How to Improve Legacy?
The main hurdle is notoriously the people. Culture, curiosity, and appetite for change are always key when introducing Agile, Continuous Delivery, Infrastructure as Code, or other possibly disruptive techniques. Teams and organisations that have been doing the same thing for a long time are those that are hard to convince of the benefits of change. Some of their developers probably still think of Continuous Delivery as something that is passing them by. One answer to that could be to start with continuous improvement. Find out what is really hard for the “legacy” team and regularly agree on ways to improve it.
To do that, it is important to have a good idea of where the pain really is. Visualising the current state of your legacy codebase, application, or architecture is key. You could for instance look for parts of the application that change often (e.g. based on commits), or parts of the code that are extremely complex (e.g. static code analysis). The picture below shows a series of a D3JS hierarchical bundling edge graphs drawn from analysing static dependencies of several back-end services. As you can see the one on the bottom right is the likely candidate for refactoring.
Visualisation of static dependencies of multiple back-end services
If you face a legacy codebase that needs refactoring, reading the book Working Effectively With Legacy Code by Michael Feathers is a must. In his book Michael provides techniques and patterns for breaking dependencies, which would prove useful if you had to deal with the codebase on the bottom right here.

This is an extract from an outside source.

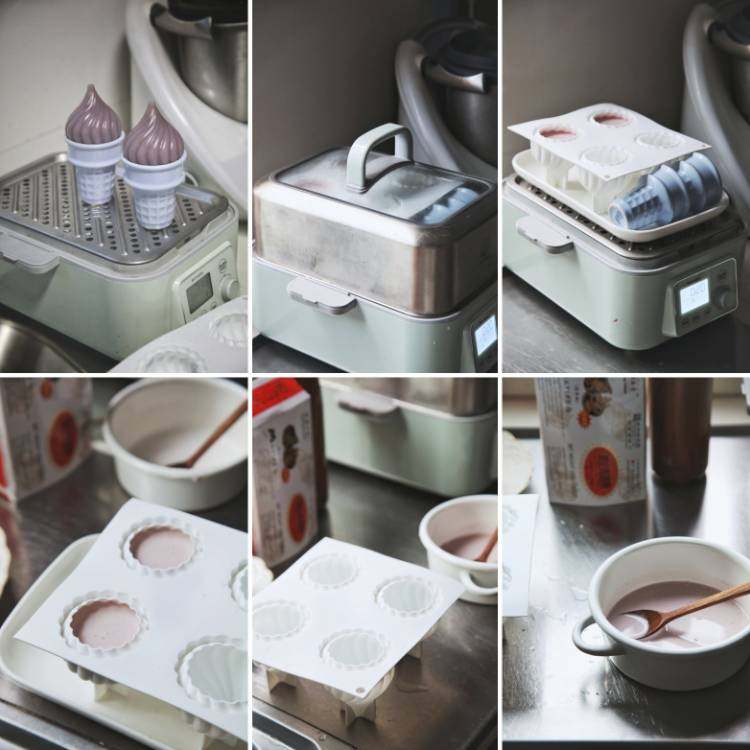 #北鼎蒸炖锅# 紫山药马蹄糕 之前做的经典颤抖假冰激凌被讨论了一下绝对再玩一下,重买了模具,用马蹄糕的方式做出来,紫山药的颜色不如红心火龙果的少女,另一种感受,用蒸炖锅蒸出来顺带餐具一起高温消毒,方便快手[哇]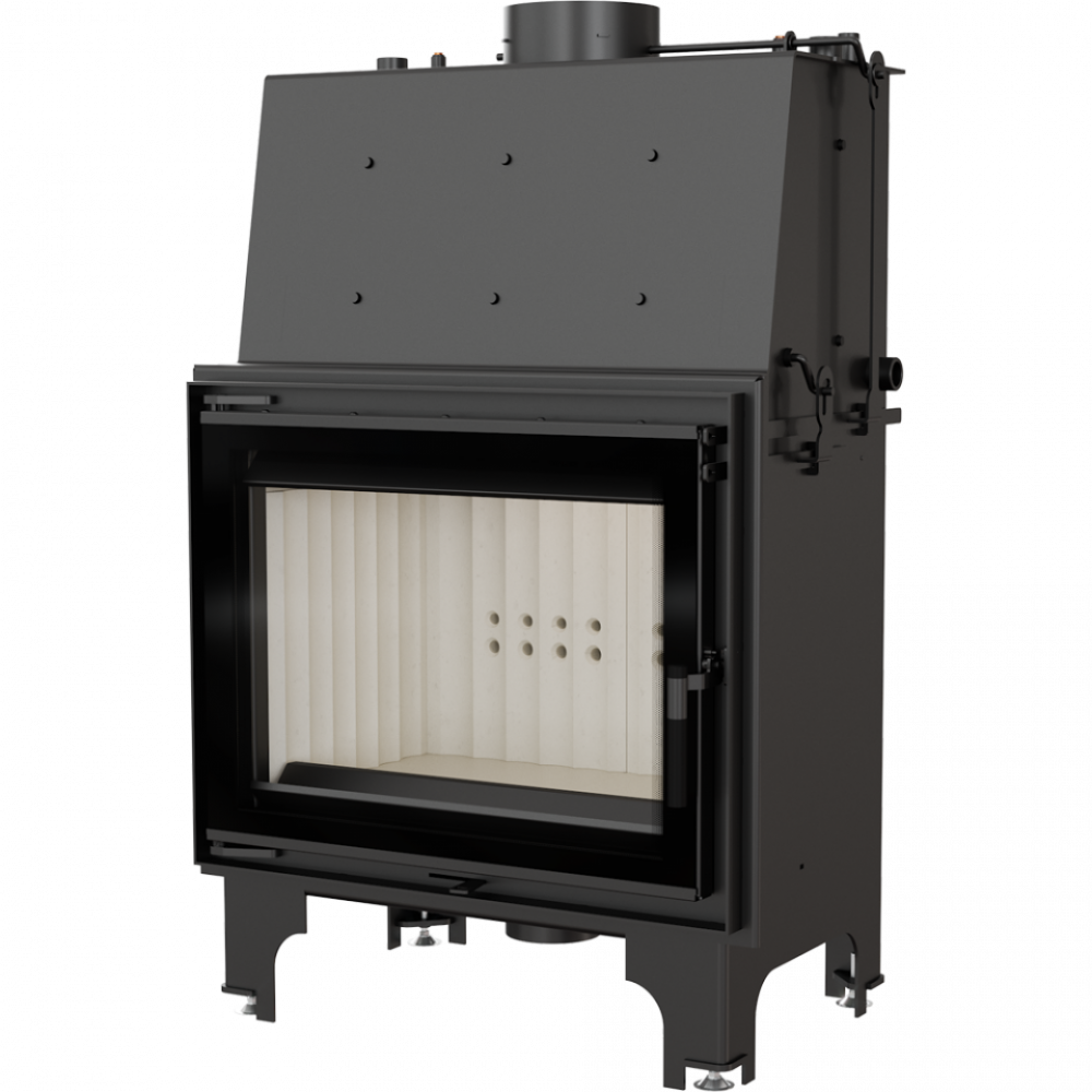 - Система аэрации камеры сгорания, реализована исключительно извне через доставку первичного и вторичного воздуха в камеру сгорания. Стандартно топка имеет подвод воздуха диаметром ø 125 мм, который дает возможность подать свежий воздух в камеру сгорания снаружи здания. Разделение воздуха проходит в пространстве ниже нижней плиты камеры сгорания. Воздух поступает каналом, который находится на высоте нижней плиты к забору, оборудованному вдоль всей длины системой отверстий. Это приводит к улучшениям условий сгорания шихты. Сгорание происходит равномерно по всей ширине камеры сгорания. Регулировка интенсивности сгорания в топке происходит с помощью механизма, который находится ниже дверец топки.

But before the team endeavours a large refactor, you will want to encourage them to have good build, test, and deployment practices. These days there is hardly any language that does not have its unit test library (if not write your own). These days there is hardly any enterprise application server or web server that does not come with a scripting language or command line API (e.g. appcmd for IIS, wlst for WebLogic, wsadmin for WebSphere). These days there is hardly any platform that does not have its UI automation technology (e.g. x3270 for IBM mainframes, win32 API for Windows Desktop applications).
Enabling your team to build, test, and deploy a code change programmatically is the cornerstone of Continuous Delivery for any system, including legacy, and should be what to aim for in the first place.